Task instructions: Your output should be the lines below from the one holding "Im Rahmen des" through the one holding "ヒーロー風カッコイイあだ名 | 『スーパーチヨエミ』『最強戦士チヨエミ』 |", transcribed exactly, with no pictures.

Input data:
· · · · ·

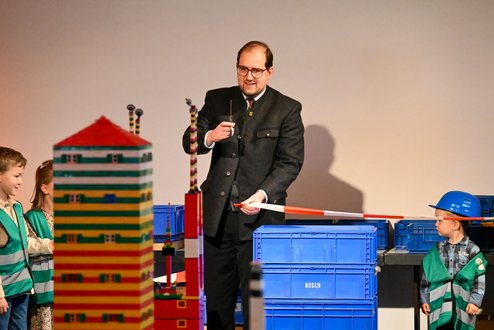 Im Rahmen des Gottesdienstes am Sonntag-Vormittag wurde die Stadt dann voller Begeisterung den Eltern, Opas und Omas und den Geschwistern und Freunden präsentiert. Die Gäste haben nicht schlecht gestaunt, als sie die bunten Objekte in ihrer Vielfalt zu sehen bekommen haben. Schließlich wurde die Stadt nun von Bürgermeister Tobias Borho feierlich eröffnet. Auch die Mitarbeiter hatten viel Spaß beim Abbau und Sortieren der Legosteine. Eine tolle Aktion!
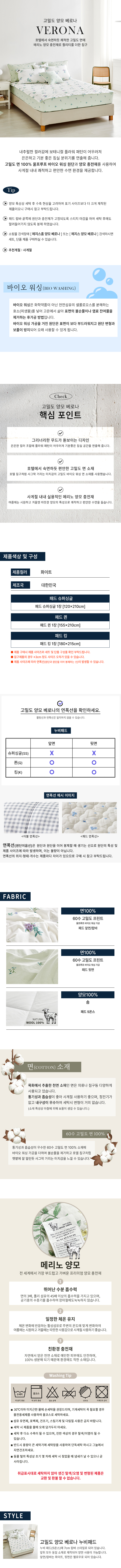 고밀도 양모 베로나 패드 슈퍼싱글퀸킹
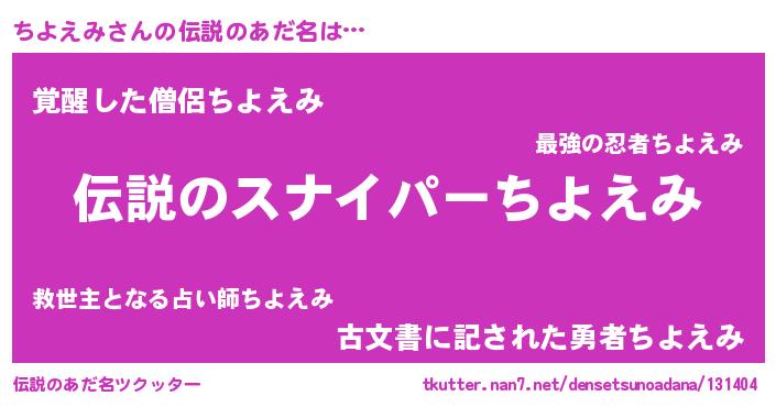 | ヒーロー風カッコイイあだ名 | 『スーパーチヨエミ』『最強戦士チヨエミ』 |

· · · · ·

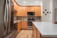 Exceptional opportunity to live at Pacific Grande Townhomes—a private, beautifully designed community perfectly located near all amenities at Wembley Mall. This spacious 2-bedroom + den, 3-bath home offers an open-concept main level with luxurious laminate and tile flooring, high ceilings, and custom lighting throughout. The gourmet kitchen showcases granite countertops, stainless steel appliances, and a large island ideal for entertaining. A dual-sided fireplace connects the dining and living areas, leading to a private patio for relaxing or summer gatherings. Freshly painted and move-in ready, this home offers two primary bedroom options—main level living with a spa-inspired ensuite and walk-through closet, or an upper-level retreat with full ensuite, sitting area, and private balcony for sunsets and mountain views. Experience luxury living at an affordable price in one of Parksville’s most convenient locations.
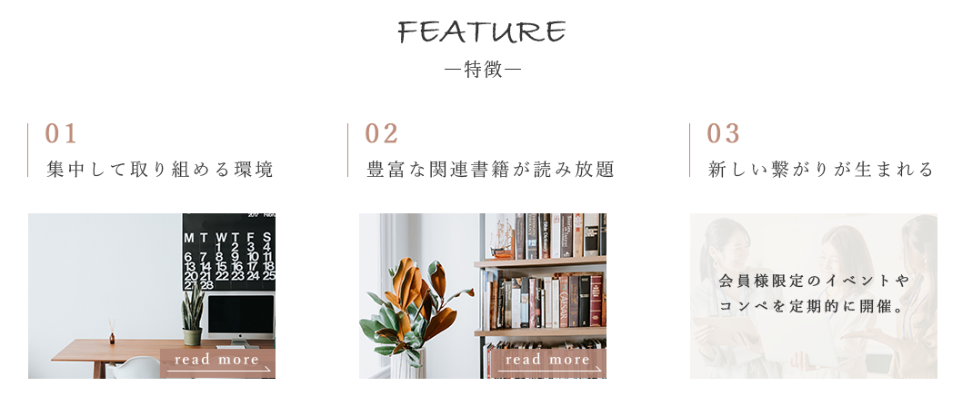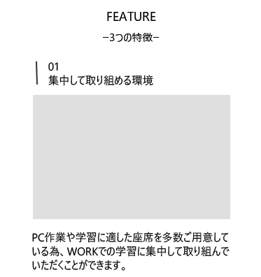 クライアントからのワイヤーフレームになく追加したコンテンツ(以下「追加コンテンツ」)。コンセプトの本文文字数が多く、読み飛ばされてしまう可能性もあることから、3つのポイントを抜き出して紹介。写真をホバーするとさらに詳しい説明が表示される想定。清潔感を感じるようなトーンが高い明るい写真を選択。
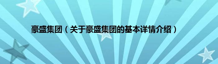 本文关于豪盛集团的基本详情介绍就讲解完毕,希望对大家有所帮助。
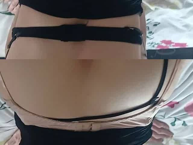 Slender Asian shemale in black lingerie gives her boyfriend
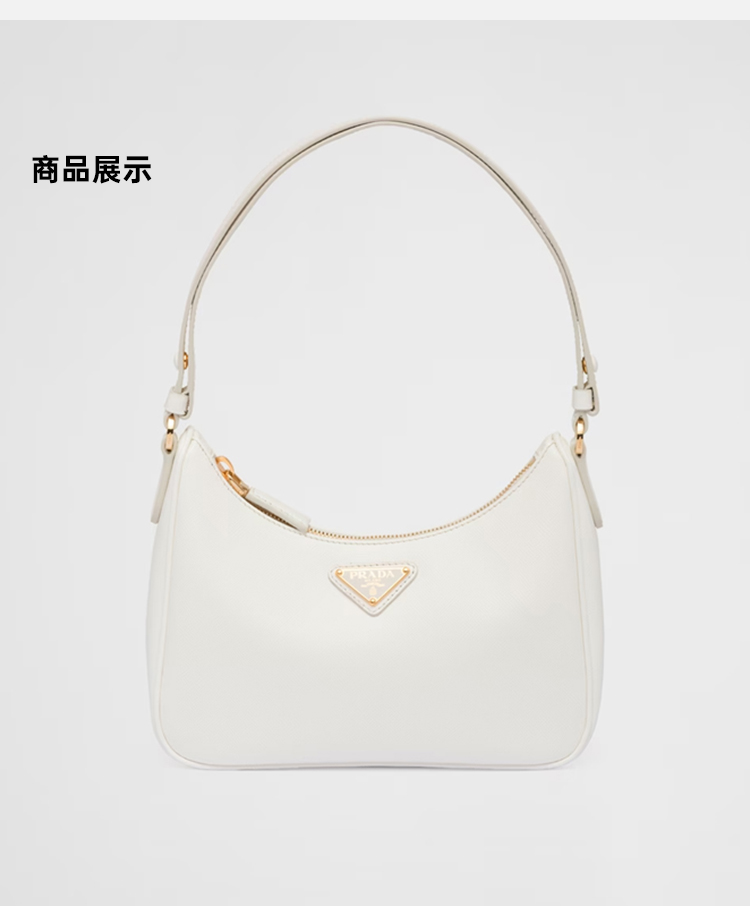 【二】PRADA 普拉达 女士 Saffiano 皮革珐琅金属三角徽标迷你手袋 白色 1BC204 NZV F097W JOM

· · · · ·

Output:
 Im Rahmen des Gottesdienstes am Sonntag-Vormittag wurde die Stadt dann voller Begeisterung den Eltern, Opas und Omas und den Geschwistern und Freunden präsentiert. Die Gäste haben nicht schlecht gestaunt, als sie die bunten Objekte in ihrer Vielfalt zu sehen bekommen haben. Schließlich wurde die Stadt nun von Bürgermeister Tobias Borho feierlich eröffnet. Auch die Mitarbeiter hatten viel Spaß beim Abbau und Sortieren der Legosteine. Eine tolle Aktion!
 고밀도 양모 베로나 패드 슈퍼싱글퀸킹
 | ヒーロー風カッコイイあだ名 | 『スーパーチヨエミ』『最強戦士チヨエミ』 |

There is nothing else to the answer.